**WORK INSTRUCTIONS**
A word-for-word copy of the records below is needed, without the images.

--------------------------------------------------

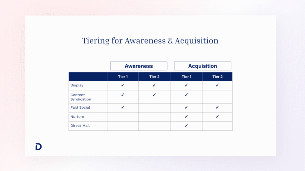 1. Adopt tiering strategies across campaign types, from Awareness to Pipeline Acceleration.
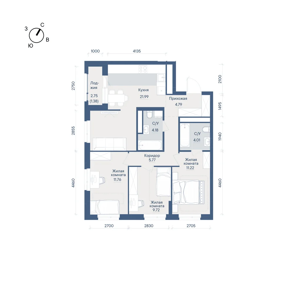 3-комнатная 74.82 м2
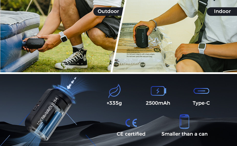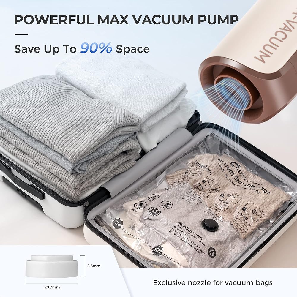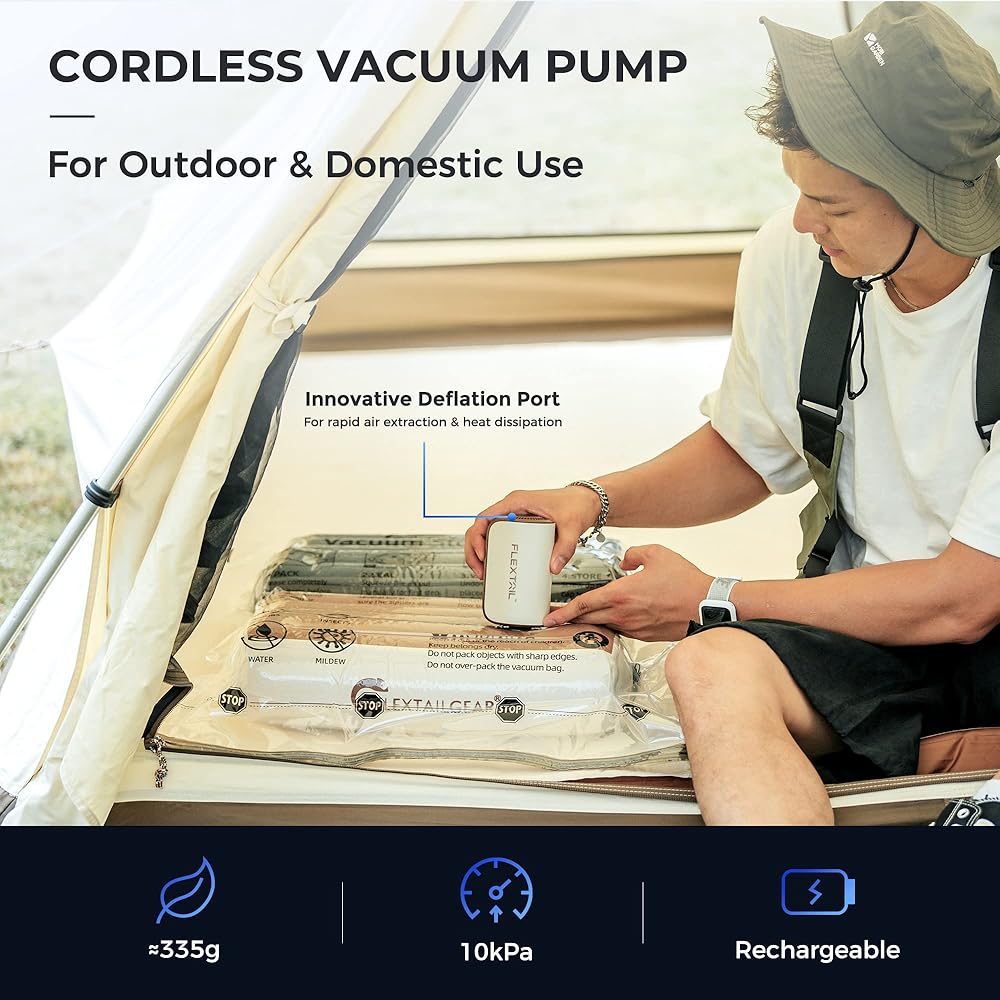 مضخة تفريغ فليكستايلجير 10 كيلو باسكال لمرتبة هوائية ذاتية النفخ، مضخة هواء كهربائية محمولة لأكياس المكنسة الكهربائية للملابس والتخييم، بطارية مضخة تفريغ قابلة لإعادة الشحن USB C
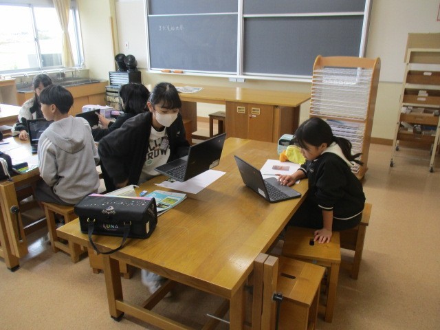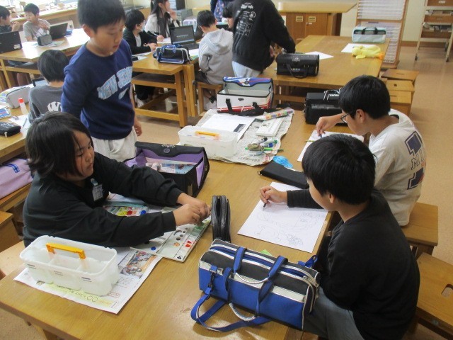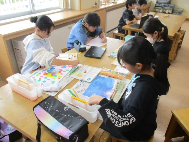 5年1組の5時間目は、図画工作科の学習でした。まだ見ぬ世界というコラージュ作品をつくっていました。
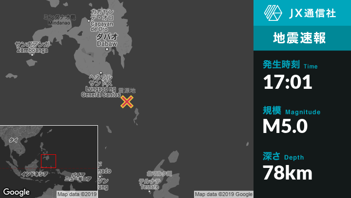 | 震源地 | フィリピンのSaranganiから東南東110kmの地点 |

--------------------------------------------------

**ANSWER BELOW**
 1. Adopt tiering strategies across campaign types, from Awareness to Pipeline Acceleration.
 3-комнатная 74.82 м2
 مضخة تفريغ فليكستايلجير 10 كيلو باسكال لمرتبة هوائية ذاتية النفخ، مضخة هواء كهربائية محمولة لأكياس المكنسة الكهربائية للملابس والتخييم، بطارية مضخة تفريغ قابلة لإعادة الشحن USB C
 5年1組の5時間目は、図画工作科の学習でした。まだ見ぬ世界というコラージュ作品をつくっていました。
 | 震源地 | フィリピンのSaranganiから東南東110kmの地点 |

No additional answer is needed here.